Following his dramatic arrest on Koh Rong off the coast of Sihanoukville on Monday, wanted Russian oligarch Sergei Polonsky was on Tuesday transported to Phnom Penh’s PJ Prison to await extradition to Moscow, where he will stand trial on multimillion-dollar embezzlement charges.

Mr. Polonsky, 41, who was last week added to Interpol’s list of most-wanted criminals for “large scale fraud,” was arrested on Koh Rong shortly before noon after evading capture for several hours with the help of several companions.

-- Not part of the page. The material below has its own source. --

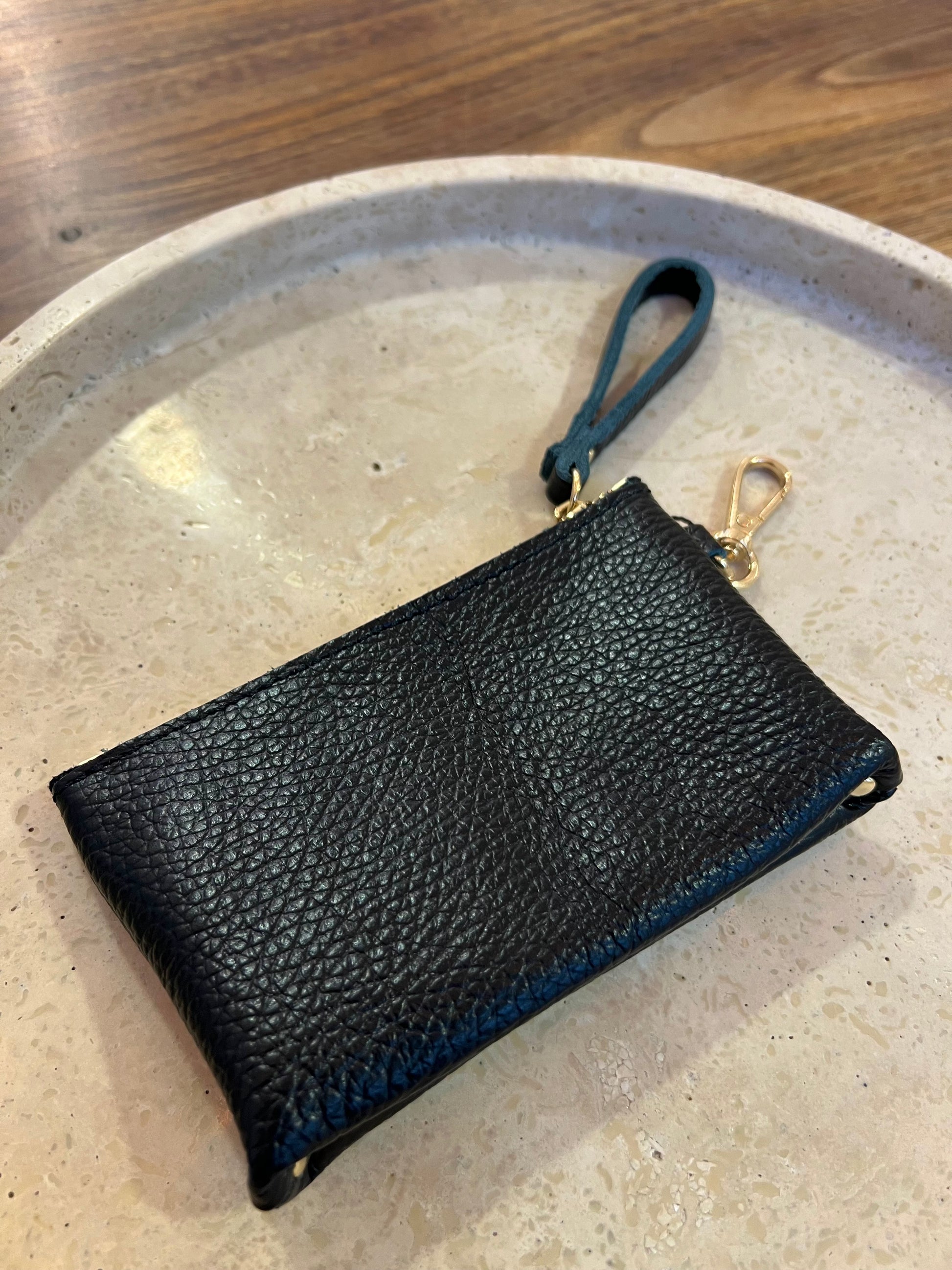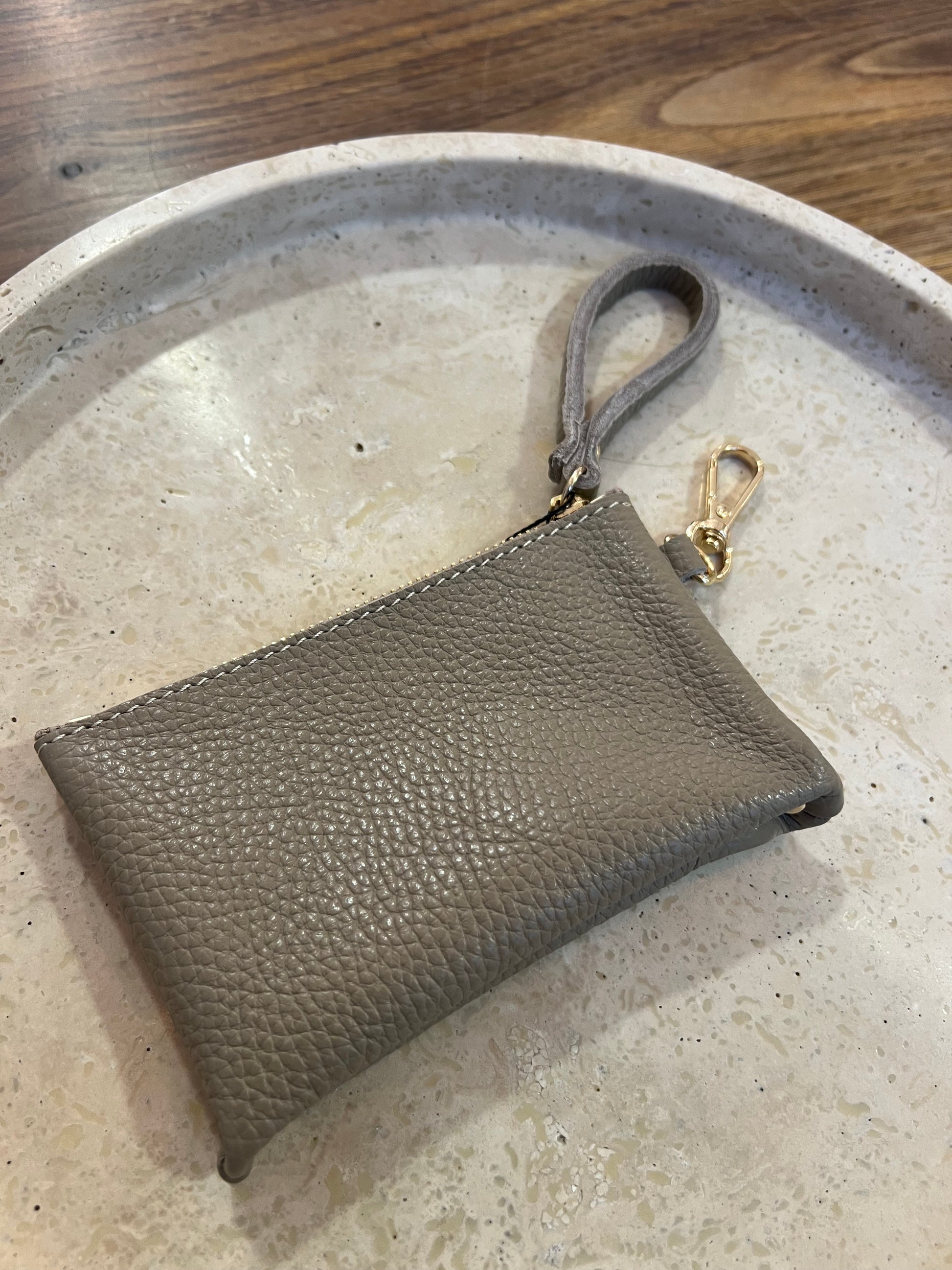 Das Schlüssel Portemonnaie Looma aus Leder ist ein praktischer Begleiter für den Alltag. Mit seiner Trageschlaufe lässt es sich schnell aus der Handtasche ziehen. Es ist in verschiedenen Farben sowie mit Metallic-Leoprint erhältlich. Die goldene Hardware verleiht dem kleinen Portemonnaie einen edlen Touch. Es bietet ausreichend Platz für Schlüssel, Kleingeld, Karten oder andere kleine Gegenstände wie Tampons und sorgt so für optimale Ordnung und schnellen Zugriff. Ideal für alle, die Funktionalität und Stil verbinden möchten.

He was transported to Phnom Penh on Monday evening and held at the Interior Ministry overnight.

Russian oligarch Sergei Polonsky makes a phone call inside a police van on his way to PJ Prison in Phnom Penh on Tuesday. (Ben Woods/The Cambodia Daily)
Russian oligarch Sergei Polonsky makes a phone call inside a police van on his way to PJ Prison in Phnom Penh on Tuesday. (Ben Woods/The Cambodia Daily)

“Police will send him to the Phnom Penh Municipal Court and then detain him temporarily at PJ Prison before he is extradited to Russia,” said Deputy National Police Commissioner Lieutenant General Sok Phal.

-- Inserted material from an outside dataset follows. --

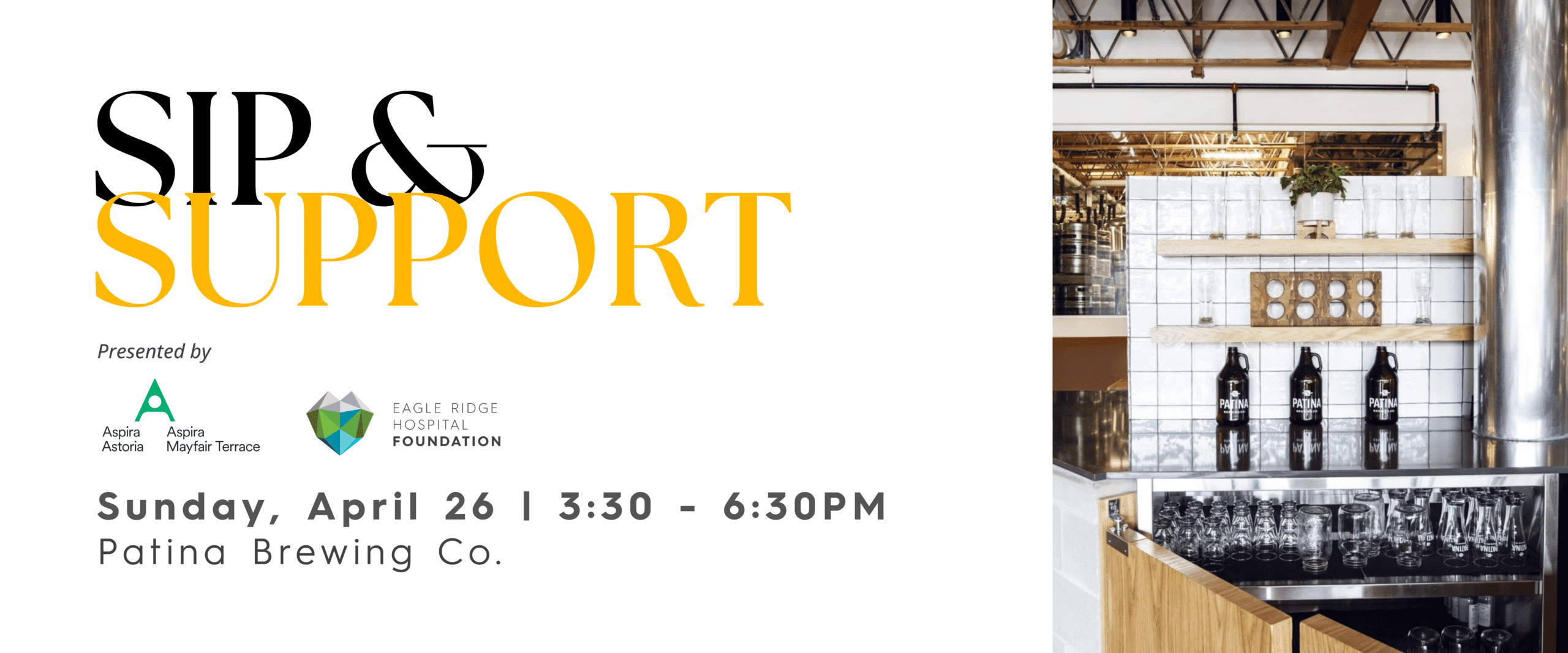 Join us for a fun-filled afternoon in support of health care in our community on Sunday, April 26th from 3:30pm – 6:30pm at Patina Brewing Co.

“The government will issue a sub-decree to extradite him to Russia soon,” he added, without giving an exact date.

Mr. Polonsky’s lawyer, Ros Sitha, admitted that he was powerless to prevent his client’s extradition. “I cannot help him,” Mr. Sitha said.

“My client’s arrest is related to Russian businessmen who have accused him of fraud…and a warrant [was] issued by the Moscow court and sent to Interpol and Cambodian police,” he said.

Mr. Polonsky—who has been living on Koh Dek Kuol, a tiny private island off the coast of Sihanoukville—was charged in absentia in July of embezzling $176 million from about 80 investors in an unfinished Moscow residential development called the Kutuzovskaya Mile.

Mr. Polonsky has repeatedly said that former partners of his Mirax Group real estate firm, since renamed Potok, are responsible for his current legal predicament, as well as the loss of his fortune. In 2008, Forbes Magazine estimated Mr. Polonsky’s wealth at $1.2 billion.

At about 4 p.m. Tuesday, a handcuffed and sullen Mr. Polonsky arrived by police van at the Phnom Penh Municipal Court, where he was granted a brief audience with his lawyer, Mr. Sitha. Mr. Polonsky asked Mr. Sitha to contact the Russian Embassy, keep an eye on Koh Dek Kuol and bring him food while incarcerated. Asked by a reporter what he hoped to achieve by fleeing from police on Monday, Mr. Polonsky shook his head.

“I don’t know,” he said, “I don’t know.”

Mr. Polonsky said there was still hope he might find justice in Russia, so long as he receives a fair trial.

“I believe [I will] win, and I am waiting for a true court [trial].”

Hou Puthvisal, director of PJ Prison, confirmed that Mr. Polonsky arrived at the facility at about 5:30 p.m. Tuesday.

A representative of the Russian Embassy declined to comment.

Perhaps best known for being punched by fellow oligarch and former KGB operative Alexander Lebedev during a televised debate about the financial crisis in 2011, news of Mr. Polonsky’s arrest on Monday has been widely reported by the international media, though details of his ill-fated escape attempt on Koh Rong varied significantly.

The Independent, a British newspaper, reported that Mr. Polonsky was captured during a “beach-front raid on an island he owns,” while the website of Russian TV channel Rossiya 24 stated that police fired shots during the operation.

According to London’s The Telegraph, “police hunted Mr. Polonsky for hours after he swam to the mainland and hid in the jungle.”

Koh Rong is about 20 km from the coast of mainland Cambodia.